When you reach the line that contains "This pair of", begin copying exactly and continue through the last line below. Do not copy pictures.

## INPUT DATA
════════════════

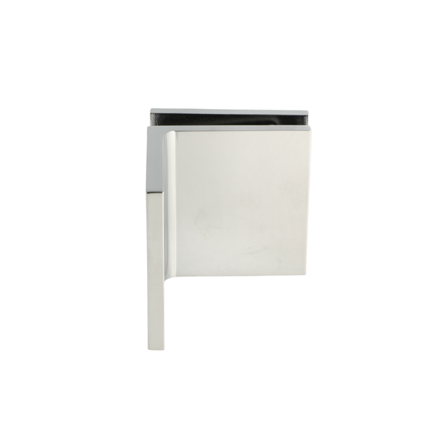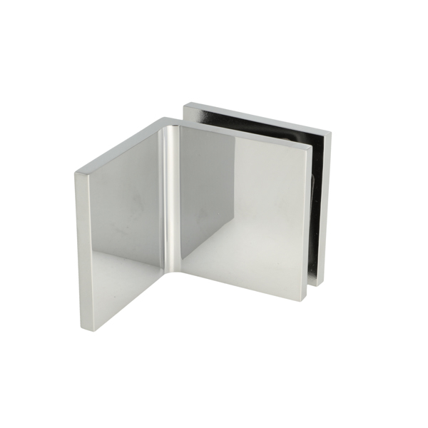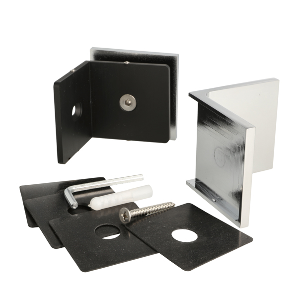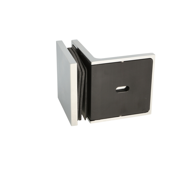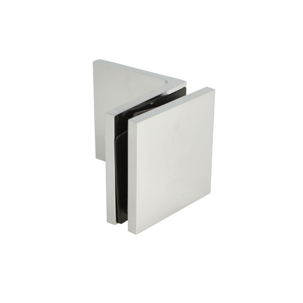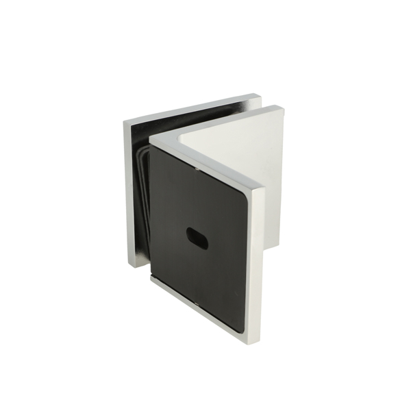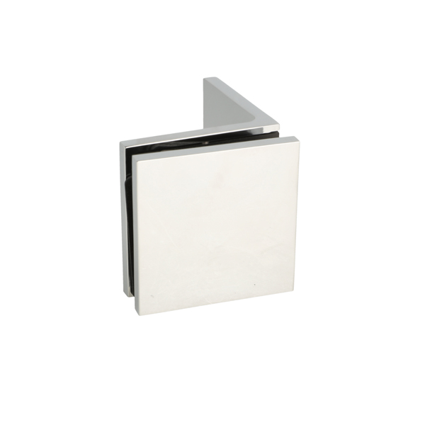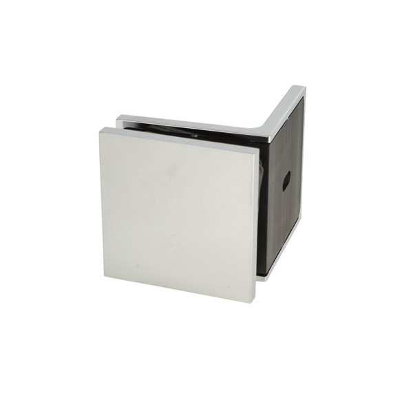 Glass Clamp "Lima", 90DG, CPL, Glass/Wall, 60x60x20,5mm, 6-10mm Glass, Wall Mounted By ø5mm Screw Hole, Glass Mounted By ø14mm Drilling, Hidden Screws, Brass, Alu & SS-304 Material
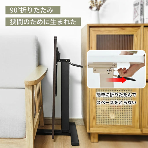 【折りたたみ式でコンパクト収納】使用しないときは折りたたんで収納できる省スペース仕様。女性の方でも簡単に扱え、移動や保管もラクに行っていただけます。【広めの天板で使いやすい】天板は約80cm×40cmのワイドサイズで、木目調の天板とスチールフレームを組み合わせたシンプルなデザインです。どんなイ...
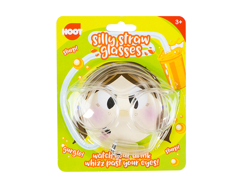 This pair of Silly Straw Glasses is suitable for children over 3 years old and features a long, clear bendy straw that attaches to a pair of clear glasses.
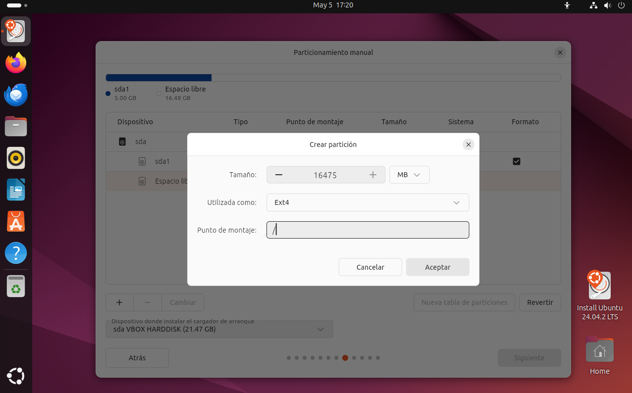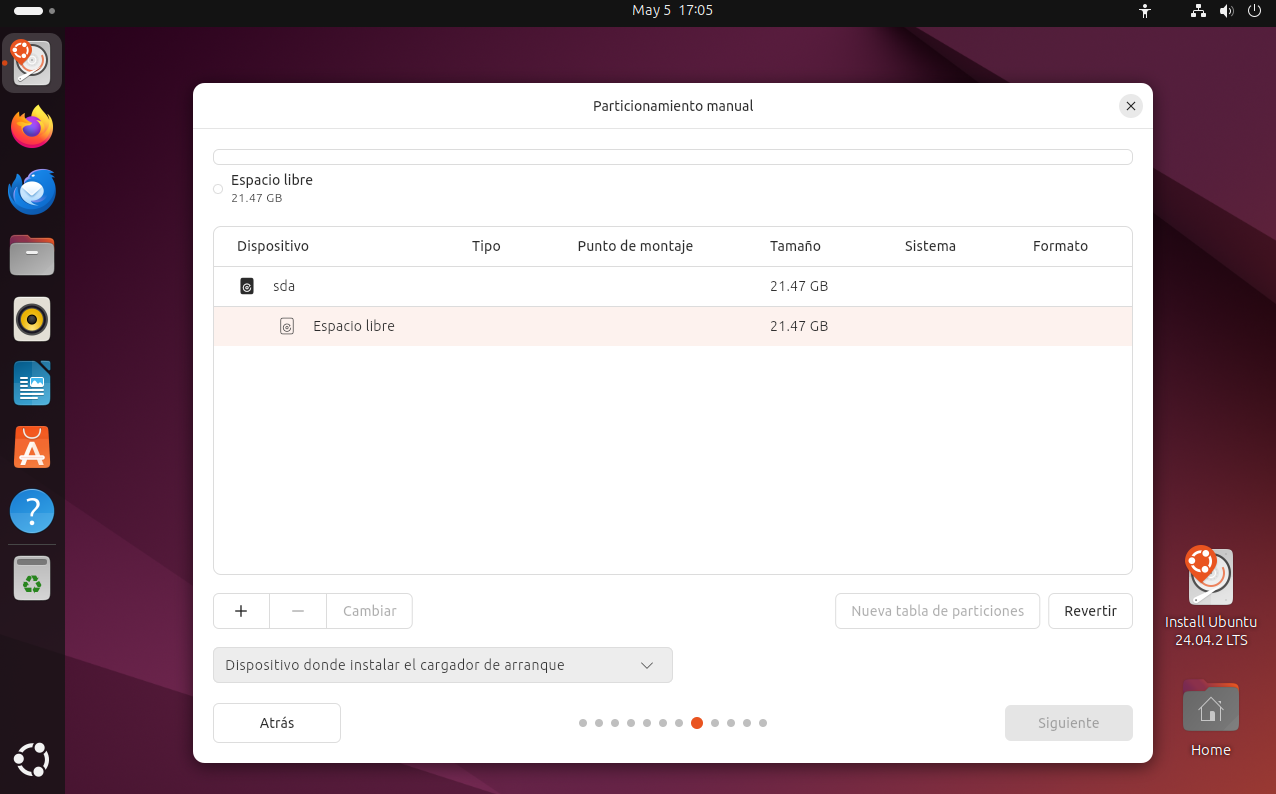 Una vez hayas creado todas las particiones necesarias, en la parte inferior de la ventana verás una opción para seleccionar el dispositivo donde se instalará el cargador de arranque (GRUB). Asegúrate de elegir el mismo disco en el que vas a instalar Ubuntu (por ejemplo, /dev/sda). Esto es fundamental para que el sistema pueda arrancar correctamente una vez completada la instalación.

════════════════

## TASK ANSWER
 This pair of Silly Straw Glasses is suitable for children over 3 years old and features a long, clear bendy straw that attaches to a pair of clear glasses.
 Una vez hayas creado todas las particiones necesarias, en la parte inferior de la ventana verás una opción para seleccionar el dispositivo donde se instalará el cargador de arranque (GRUB). Asegúrate de elegir el mismo disco en el que vas a instalar Ubuntu (por ejemplo, /dev/sda). Esto es fundamental para que el sistema pueda arrancar correctamente una vez completada la instalación.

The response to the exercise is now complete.